The following data will be registered:

Prerandomisation and baseline characteristics

Demographic data (age, height, weight, gender and body mass index); American Society of Anesthesiologists physical status; comorbidities (hypertension: Y/N, diabetes mellitus: Y/N, active smoking: Y/N, alcohol abuse: Y/N, malnutrition: Y/N and chronic use of corticosteroid: Y/N); cancer: Y/N; preoperative chemotherapy or radiotherapy: Y/N; preoperative nutritional support: Y/N; preoperative mechanical bowel preparation: Y/N; and results of blood samples (standard lab values).

At randomisation

Type of surgical procedure (laparoscopy: Y/N and open laparotomy: Y/N) (stratification variable) and antiseptic skin preparation (chlorhexidine–alcohol solution: Y/N, povidione-iodine alcoholic solution: Y/N) (stratification variable).

Intraoperative data

Date and hour of trial medication (ornidazole or placebo) administration; date and hour of intravenous antimicrobial prophylaxis; need for additional dose of antibiotic doses: Y/N; type of surgery (colonic: Y/N and rectal: Y/N); type of surgical procedure if modified (conversion from laparoscopy to open): Y/N; stoma (Y/N and type); type of anastomosis (mechanical: Y/N and manual: Y/N); duration of surgery; surgical complication: Y/N; anaesthetic data (type of anaesthesia (epidural analgesia: Y/N, inhaled anaesthetic: Y/N, intravenous anaesthetic: Y/N and nitrous oxide: Y/N)), type (sufentanil: Y/N and remifentanil: Y/N) and dose of opioids, intravenous lidocaine: Y/N, corticosteroids (Y/N and type), type (crystalloids and colloids) and volume of fluids, total volume of blood losses, total number of blood products, stroke volume and/or cardiac output monitoring: Y/N and temperature monitoring: Y/N and inspired oxygen concentration (inspired oxygen fraction (FiO₂)).

Postoperative data (until hospital discharge)
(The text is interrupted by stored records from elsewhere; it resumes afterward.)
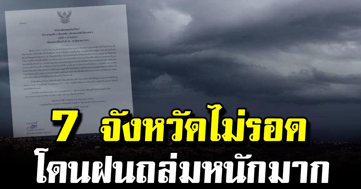 กรมอุตุฯเตือน ร่องมรสุมพาดผ่าน 7 จังหวัด โดนฝนถล่มเต็มๆ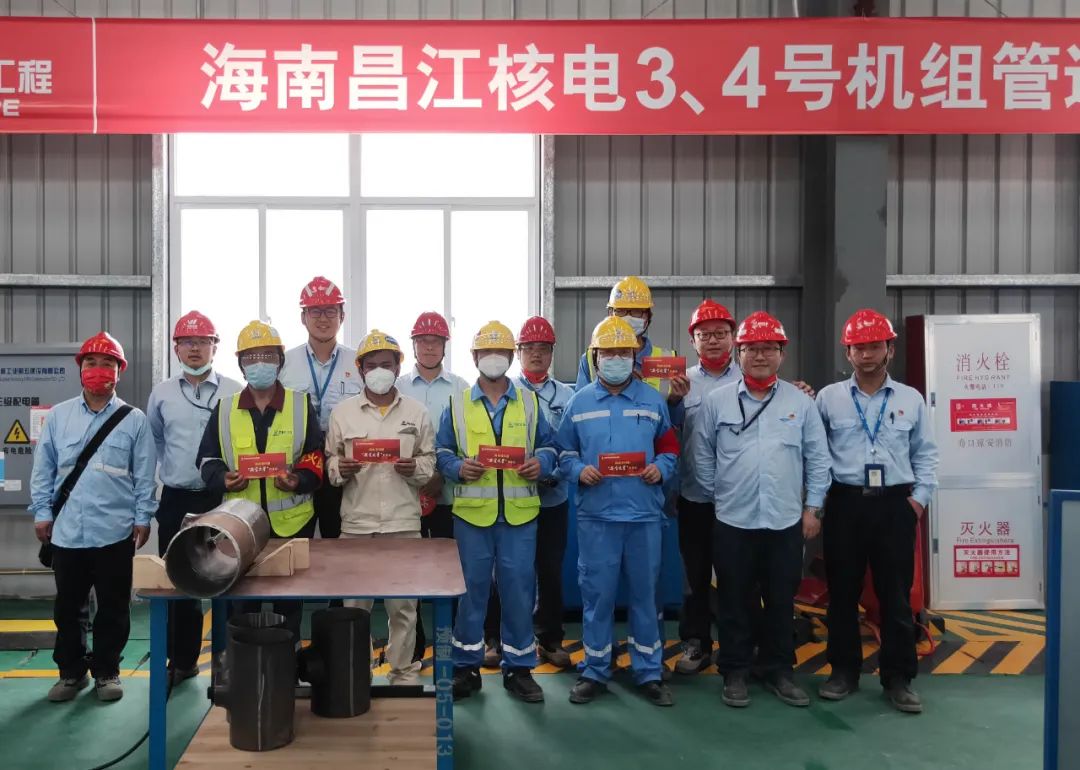 2022年3月31日下午14:38,在海南昌江核电二期工程项目中核五公司碳钢管道及支架预制车间,华能昌江核电公司协同海南核电、中核工程公司、中核咨询对华能海南昌江核电二期工程项目首批管道—核岛消防水生产系统管道预制先决条件进行检查,检查结果合格,3号核岛第一份管道预制质量计划开启,标志着二期工程项目管道预制正式开工,较计划提前两天完成。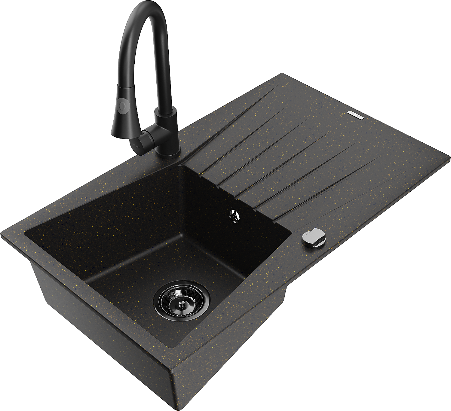 Mexen Cesar zlewozmywak granitowy 1-komorowy z ociekaczem i baterią kuchenną Elia, czarny/złoty metalik - 6514-75-670101-70-B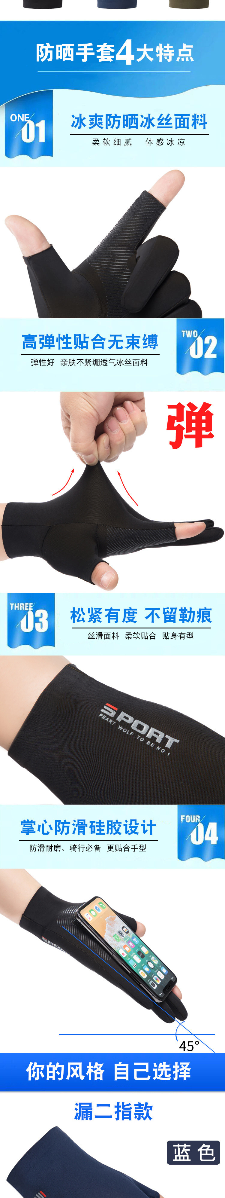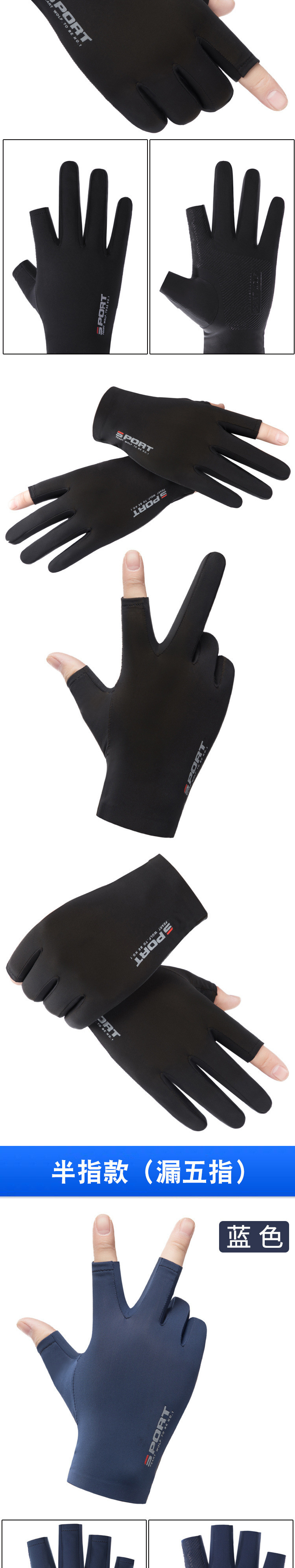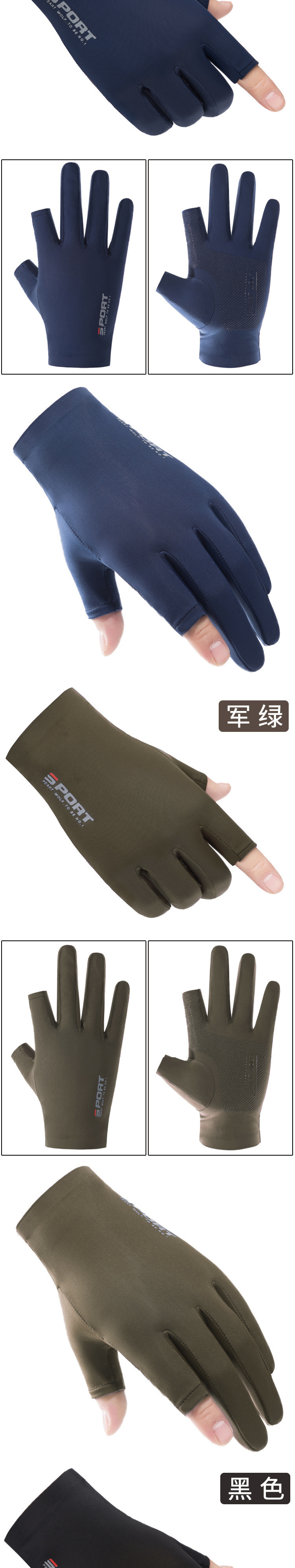 남성용 및 여성용 자외선 차단 반 손가락 장갑, 미끄럼 방지 여름용 얇은 얼음 실크 반 손가락 운전, 사이클링 및 낚시용 장갑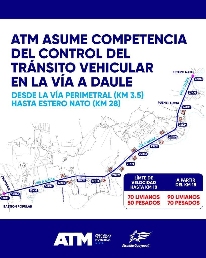 Por mandato legal, la Agencia de Tránsito y Movilidad (ATM), desde este 01 de mayo, asume el control del tránsito vehicular y peatonal en un tramo de 14.5 kilómetros de la vía a Daule, que se encuentran dentro del perímetro urbano de Guayaquil.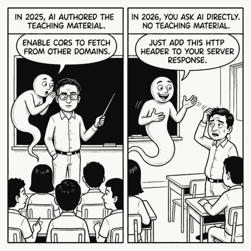 I use comics to make my course more engaging. Each question has a comic strip that explains what question is trying to teach. For example, here’s the comic for the question that teaches students about prompt injection attacks: For each question, I use this prompt on Nano Banano Pro via Gemini 3 Pro: Create a simple black and white line drawing comic strips with minimal shading, with 1-2 panels, and clear speech bubbles with capitalized text, to explain why my online student quizzes teach a specific concept in a specific way. Use the likeness of the characters and style in the attached image from https://files.s-anand.net/images/gb-shuv-genie.avif. 1. GB: an enthusiastic socially oblivious geek chatterbox 2. Shuv: a cynic whose humor is at the expense of others 3. Genie: a naive, over-helpful AI that pops out of a lamp Their exaggerated facial expressions to convey their emotions effectively. --- Panel 1/2 (left): GB (excited): I taught Genie to follow orders. Shuv (deadpan): Genie, beat yourself to death. Panel 2/2 (right): Genie is a bloody mess, having beaten itself to death. GB (sheepish): Maybe obedient isn't always best... … along with this reference image for character consistency: ...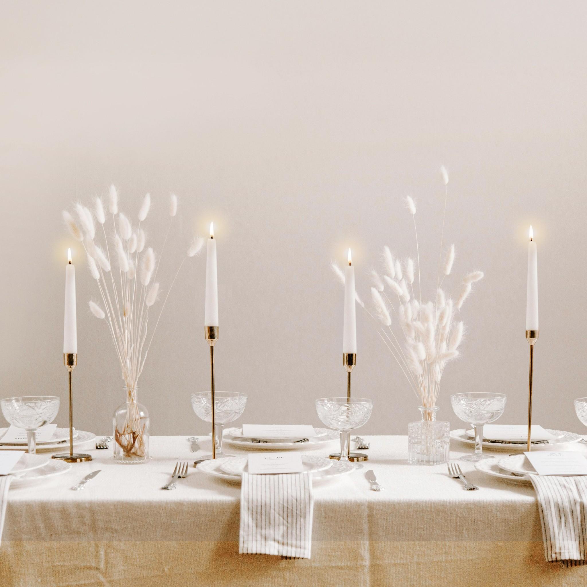 RESTAURANT-GRADE CANDLES. FOR LONGER BURNING TIME, CANDLES MUST BE IN A CONTROLLED ENVIRONMENT WITH NO VENTS AND WIND. CANDLES SHOULD ALSO BE SECURED IN THE CANDLE HOLDERS SO THEY STICK AND SIT STRAIGHT. OTHERWISE, THE CANDLE WILL BURN IN SHORTER TIME.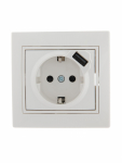 Розетка LEZARD MIRA 1-мест. в сборе с корпусом с З/К скр. уст. 16А 220-250В IP20 белыйMIRA Розетка с/з + USB разъём белый (10шт/120шт)

Patients will be assessed once daily during the entire hospital stay (until hospital discharge) and at the time of follow-up evaluation (30 days after surgery). In case of patient’s discharge from hospital prior to day 30 after surgery, trial or clinical research staff members will call the patients, using a dedicated questionnaire (online supplementary file 3), once a week during the 30-day follow-up period and will arrange for prompt clinical evaluation in case of suspected infection. Whenever infection will be suspected or diagnosed, site investigators unaware of the patients’ group assignments will assess the seriousness of all events, and all clinically relevant microbiological samples will be cultured.

Supplementary data

bmjopen-2017-020254supp003.pdf^{(28.4KB, pdf)}

The following data will be collected:

postoperative care pathway (surgical ward: Y/N, high dependency unit: Y/N and ICU: Y/N)
ERAS items (epidural analgesia: Y/N, nasogastric tube: Y/N, urinary catheter: Y/N, mobilisation: Y/N, laxative: Y/N and flatus/stool: Y/N)
daily lowest and highest values for temperature
results of blood sample for creatinine, C reactive protein, platelets, haemoglobin and leukocytes
blood glucose level
SS: Y/N (type: superficial: Y/N, deep: Y/N, organ–space: Y/N) and date and hour of SSI diagnosis: local incisional pain/tenderness: Y/N, localised redness, heat or swelling: Y/N, purulent drainage from the superficial incision: Y/N, superficial/deep incision spontaneously or deliberately opened by the surgeon: Y/N, bacteriological sample (fluid/tissue): Y/N and organisms isolated: Y/N (if yes, bacteriological identification)
postoperative surgical complications: Y/N (anastomotic leakage: Y/N, reintervention: Y/N and radiological/endoscopic drainage: Y/N)
postoperative non-surgical complications (Y/N, type and date of diagnosis)
allergy to trial drugs: Y/N
unexpected ICU admission: Y/N
duration of stay in high dependency unit (HDU), ICU and surgical ward
date of hospital discharge
survival status (if the patient is deceased, date of death).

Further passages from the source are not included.